◆ **Required action**:
Exactly as written, reproduce the lines from the beginning of the data through the line containing "MiniMax M2发布期间,在Artificial Analysis榜单刷新了国产文本模型最高成绩——全球前五,开源第一。"; the pictures are not reproduced.

Recorded information section start

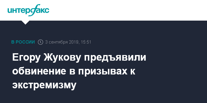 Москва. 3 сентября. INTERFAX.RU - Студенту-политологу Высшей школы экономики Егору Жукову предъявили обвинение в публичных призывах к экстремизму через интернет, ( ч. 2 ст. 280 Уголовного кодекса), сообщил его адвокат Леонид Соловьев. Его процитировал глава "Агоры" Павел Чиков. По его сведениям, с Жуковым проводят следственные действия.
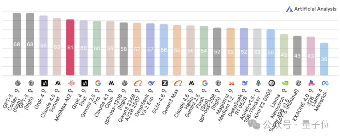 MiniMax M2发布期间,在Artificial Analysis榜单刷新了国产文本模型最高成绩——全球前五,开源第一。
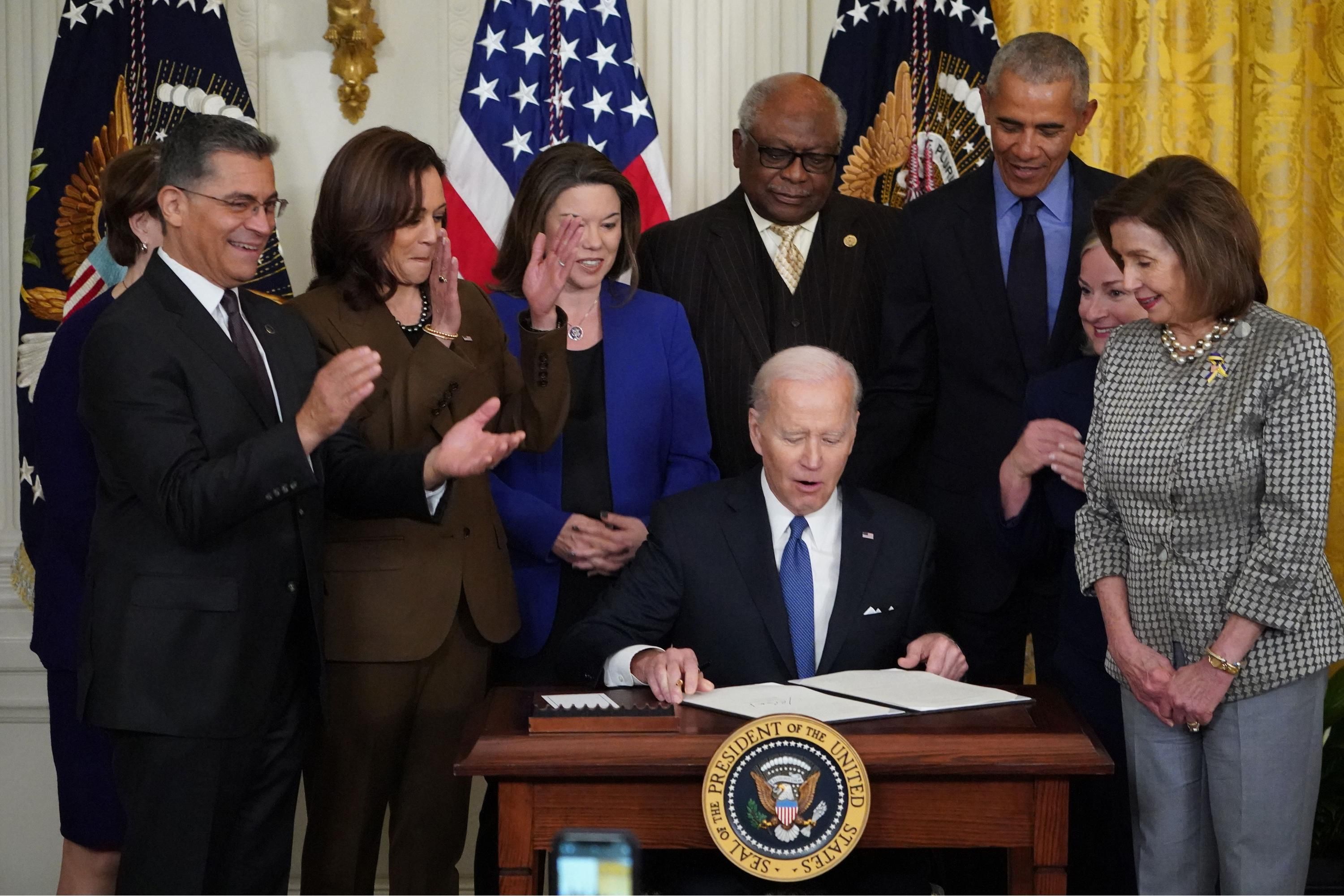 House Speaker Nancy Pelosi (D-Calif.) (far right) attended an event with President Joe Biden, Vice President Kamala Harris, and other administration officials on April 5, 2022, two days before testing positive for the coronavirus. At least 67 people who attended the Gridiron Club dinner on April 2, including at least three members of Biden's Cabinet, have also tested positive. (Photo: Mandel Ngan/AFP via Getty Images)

Recorded information section end

◆ **Exercise answer**:
 Москва. 3 сентября. INTERFAX.RU - Студенту-политологу Высшей школы экономики Егору Жукову предъявили обвинение в публичных призывах к экстремизму через интернет, ( ч. 2 ст. 280 Уголовного кодекса), сообщил его адвокат Леонид Соловьев. Его процитировал глава "Агоры" Павел Чиков. По его сведениям, с Жуковым проводят следственные действия.
 MiniMax M2发布期间,在Artificial Analysis榜单刷新了国产文本模型最高成绩——全球前五,开源第一。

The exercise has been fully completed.